* **Data block**:
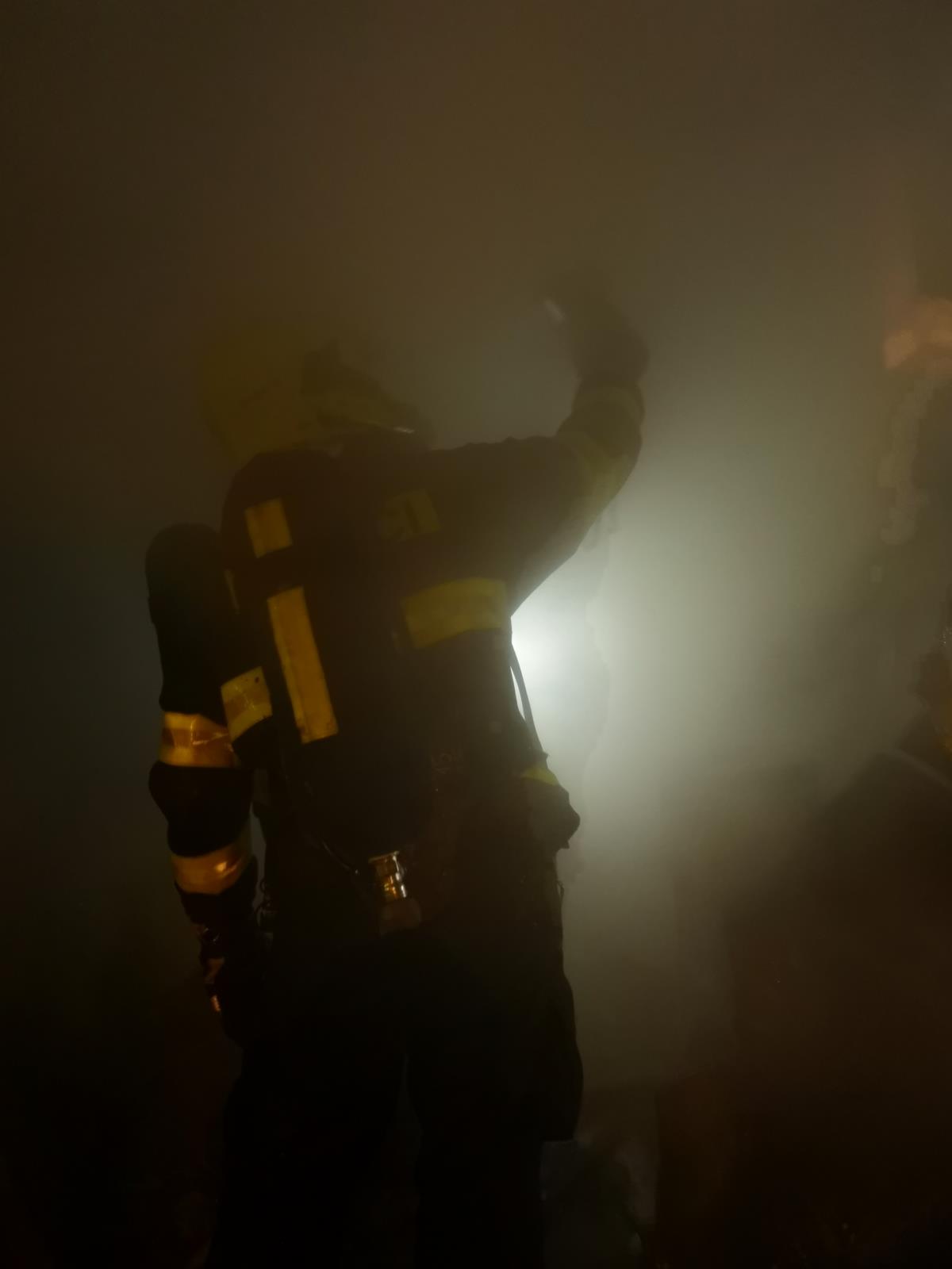 Po příjezdu na místo události bylo průzkumem zjištěno, že se jedná o požár stavební buňky, který ohrožuje v blízkosti stojící kamiony. Velitel zásahu rozhodl o nasazení dvou vysokotlakých vodních proudů k hašení a ochlazování. Lokalizace požáru byla nahlášena na Krajské operační a informační středisko HZS Libereckého kraje ve 23:18 hod. K odvětrání prostoru byla použita přetlaková ventilace a dohašování skrytých ohnisek bylo prováděno s pomocí termokamery. Na místě se nacházela jedna zraněná osoba, které příslušníci poskytli neodkladnou předlékařskou pomoc a následně ji předali do péče zdravotnické záchranné službě. Příčina požáru a výše škody je v šetření, hasiči uchránili majetek v hodnotě 3.500.000 Kč. Na místě zasahovala stanice HZS Doksy a JSDHO Dubá a Tuhaň.
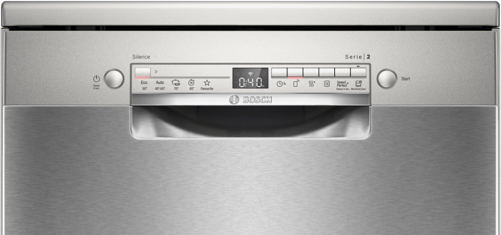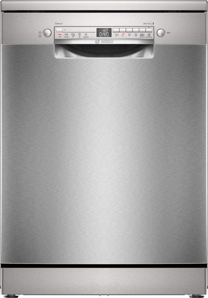Myčky BOSCHMyčka BOSCH SMS2HTI08E Serie 2Volně stojící myčka nádobí Bosch SMS2HTI08E, Serie 2 nabízí spolehlivé mytí s praktickými programy a chytrými funkcemi. Díky připojení Home Connect ji můžete ovládat a hlídat na dálku, využít Oblíbený program na jedno stisknutí a v případě potřeby aktivovat ExtraDry pro důkladnější sušení. Povrch v provedení broušená ocel s úpravou AntiFingerprint účinně omezuje viditelné otisky prstů, zatímco EcoSilence Drive zajišťuje tichý a úsporný provoz.Efektivní využití vodyProplachovací technologie maximalizující účinnost a ekologické oplachování pro nejlepší výsledky mytí.Extrémně tichý chodVysoký výkon mytí při nízké hlučnosti. Motor EcoSilence Drive šetří energii a snižuje hluk.Automatický výběr teplotyProgram šetří vodu i energii. Podle míry zašpinění nádobí si myčka sama určí množství vody, její teplotu a dobu oplachování.Přerušení vody při porušeOchrana proti úniku vody pomocí speciálních senzorů. V případě detekce úniku vody se myčka sama zastaví a odčerpá vodu...
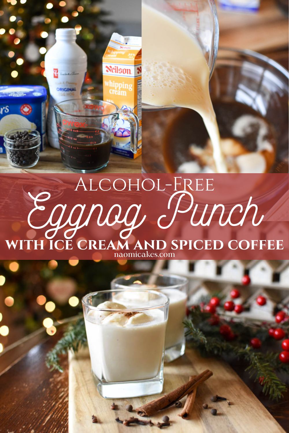 Once those things have been prepared, and you’re ready to serve your eggnog punch, you can combine the coffee mixture, vanilla, eggnog, and whipped cream in a large punch bowl; scoop ice cream over top.
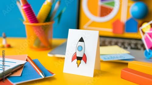 Unleashing Innovation Modern Entrepreneurial Workspace with Business Cards Rockets and Charts

* **What to do**: Which lines fall between the one containing "Once those things" and the last line of the listing, both included? Give them again exactly, without the pictures.

* **Task solution**:
 Once those things have been prepared, and you’re ready to serve your eggnog punch, you can combine the coffee mixture, vanilla, eggnog, and whipped cream in a large punch bowl; scoop ice cream over top.
 Unleashing Innovation Modern Entrepreneurial Workspace with Business Cards Rockets and Charts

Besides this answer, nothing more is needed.